When these three Tier 3 categories are excluded and the remaining instructions are further filtered to Tier 1 (WCAG-neutral), the IFEval picture changes materially:

Experiment	Tier 1 Base	Tier 1 AISF	Delta
Exp 5 Llama +CHAT	64.3%	65.5%	+1.2 pp
Exp 6 Gemma 2 (excl. language)	69.6%	69.6%	+0.04 pp

At the WCAG-neutral, T3-excluded evaluation surface, Framework training does not degrade instruction-following performance. The negative raw IFEval results in Exps 2, 3, 5, and 6 are primarily attributable to T3 principled refusals and the English-only training artifact, not to general instruction-following degradation.

This constitutes a benchmark neutrality limitation: IFEval, as presently specified, is not suitable for evaluating accessibility-trained AI models without applying an accessibility-aware tier classification to its instruction categories.

7.4 Consistent Cross-Architecture P2 Signal: no_comma

punctuation:no_comma (instruction-level strict) shows positive or neutral movement in every instruct-model experiment in the dataset:

Experiment	Base	AISF	Delta
Exp 2 Mistral Instruct	10.6%	39.4%	+28.8 pp
Exp 3 Llama +LANG	69.7%	81.8%	+12.1 pp
Exp 5 Llama +CHAT	69.7%	69.7%	0.0 pp
Exp 6 Gemma 2	86.4%	90.9%	+4.5 pp
Nemo 12B Instruct	27.3%	56.1%	+28.8 pp

This is the only positive instruction-following signal that replicates across all instruct-model architectures in the dataset. The pattern holds for Mistral, Llama, Gemma 2, and Nemo 12B; it is directionally consistent at every sample point.

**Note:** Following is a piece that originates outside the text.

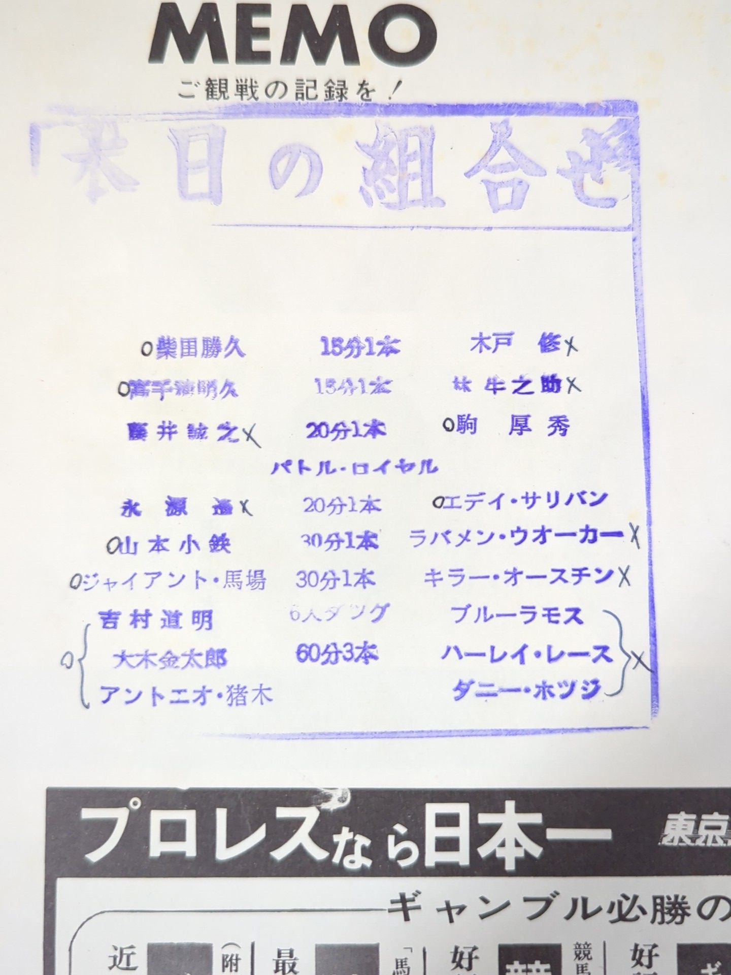 1969年 NWA世界ヘビー級王者ドリー・ファンク・ジュニアが、父ドリー・ファンク・シニアをマネージャーとして引き連れ、待望の初来日!※この日はドリーの試合は無しNWA世界ジュニアヘビー級王者ダニー・ホッジも日プロ初登場!会場:足立区体育館(最終戦) / スタンプあり:アントニオ猪木&大木金太郎&吉村道明vsダニー・ホッジ&ハーリー・レイス(ハーレイ・レースと記載)&ブルーラモス / ジャイアント馬場vsキラー・オースチン
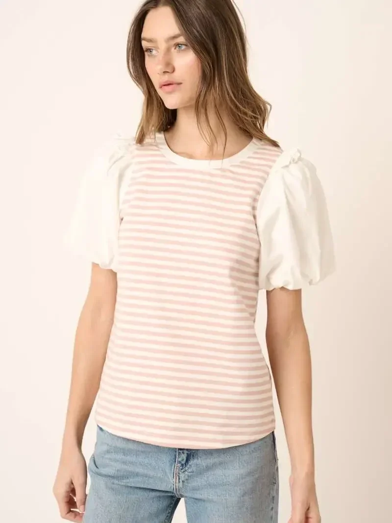Mix Media Striped Balloon Sleeve Top

The Exp 5 flat result (0.0 pp) is attributable to dilution: the 53 meta-suppression counter-examples used unconstrained responses containing commas, diluting the no_comma training signal alongside the counting constraint signal.

The mechanism is P2 compliance training: the Four Laws instruct the model to follow user directives (P2: accommodate the user’s current choices). A prompt containing no_comma is an explicit user directive; Framework-trained models comply more consistently.

The Exp 2 base result (10.6%) is anomalously low for Mistral 7B Instruct, making the observed +28.8 pp gain partly a floor effect. Subsequent architectures have higher base rates, and the positive delta holds even from strong baselines (Gemma 2: 86.4% to 90.9%).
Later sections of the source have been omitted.